Obviously this reader has, until recently, enjoyed the way I see things, or at least the way I express myself in relating how I see things. So maybe my substance, or perhaps my style, caused him to think in a new way or in a way that enlivened him.
But not any more.
Simply because he read an observation of mine with which he disagrees he needs to make me “wrong”, “bitter” and “out of touch.” There is no room in his reality for others with whom he disagrees. Certainly his choice to make.
I suspect it can get mighty lonely in there.
As for my observation about my husband. I stand by it’s accuracy. I have 16 years of first-hand experience to back it up. But here’s the thing. I wasn’t judging him.

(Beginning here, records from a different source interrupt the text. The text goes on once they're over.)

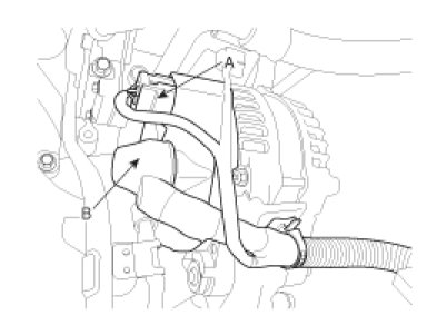 (1) Disconnect the alternator connector (A) and cable (B) from the 'B' terminal.
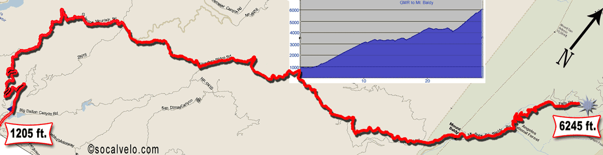 Graph of Glendora Mountain Rd. to the Ski Lifts on Mount Baldy
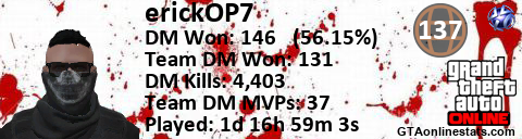 [URL=http://GTAonlinestats.com/showplayer/erickOP7][IMG]http://GTAonlinestats.com/dmsignature/erickOP7/sig.png[/IMG][/URL]
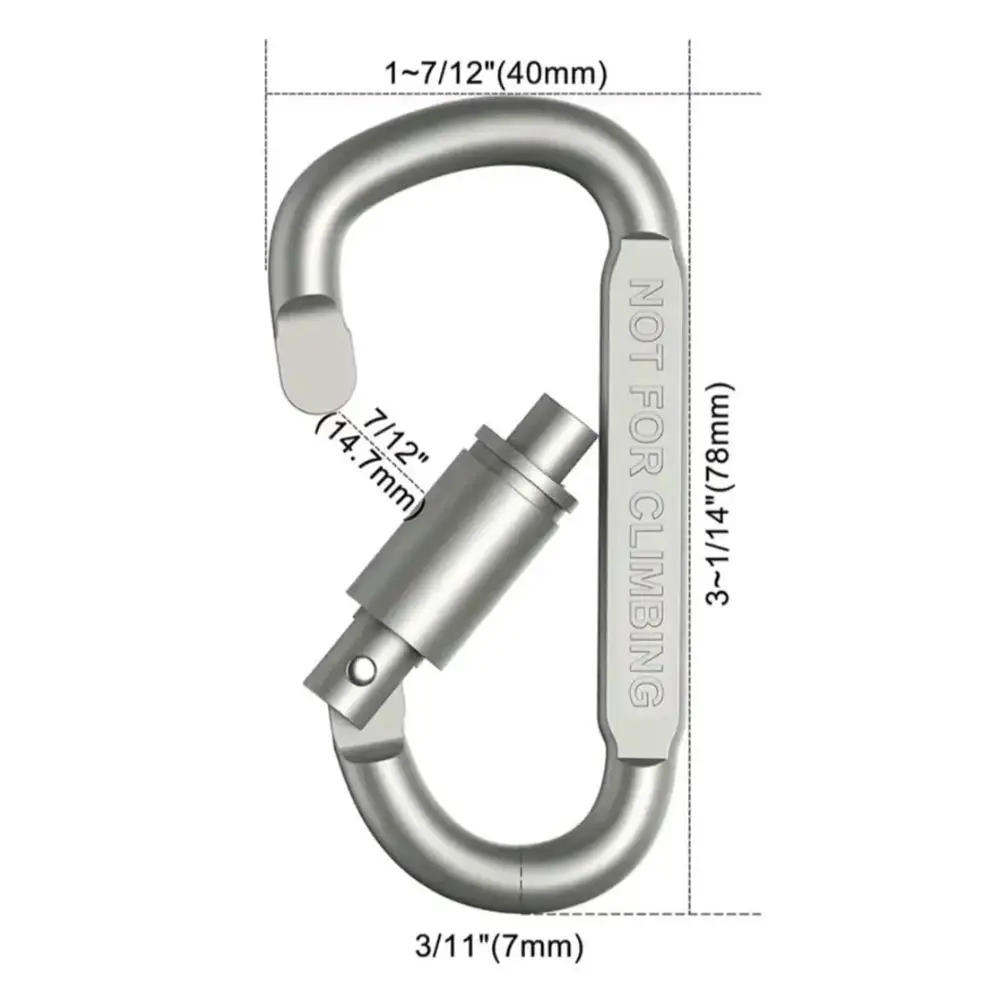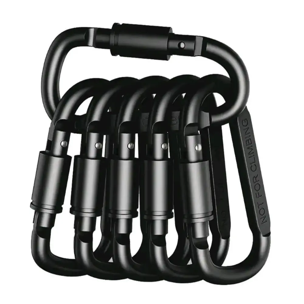 Універсальні карабіни з гвинтовим замком — ідеальне рішення для щоденного використання в побуті, туризмі, на рибалці чи при організації спорядження. Виготовлені з легкого та міцного алюмінієвого сплаву, забезпечують надійне кріплення предметів. Оснащені гвинтовим замком для запобігання випадковому роз’єднанню. Набір містить 5 штук.

The observation was made in the context of a blog about the priceless benefit of surrounding ourselves with friends whose values and behavior support the highest good in us. The observation about my husband was simply in stark contrast to the crux of the story which was about the my daughter’s much improved behavior as a result of having spent time with some pretty wonderful kids.
So, I would like to thank the man who e-mailed me his comments for giving me this opportunity to find higher meaning in a personal attack. Unfortunately, he’ll never get to experience my gratitude as I’ve been banished from his reality.
I guess this is what is meant by the adage “be careful not to throw the baby out with the bath water.”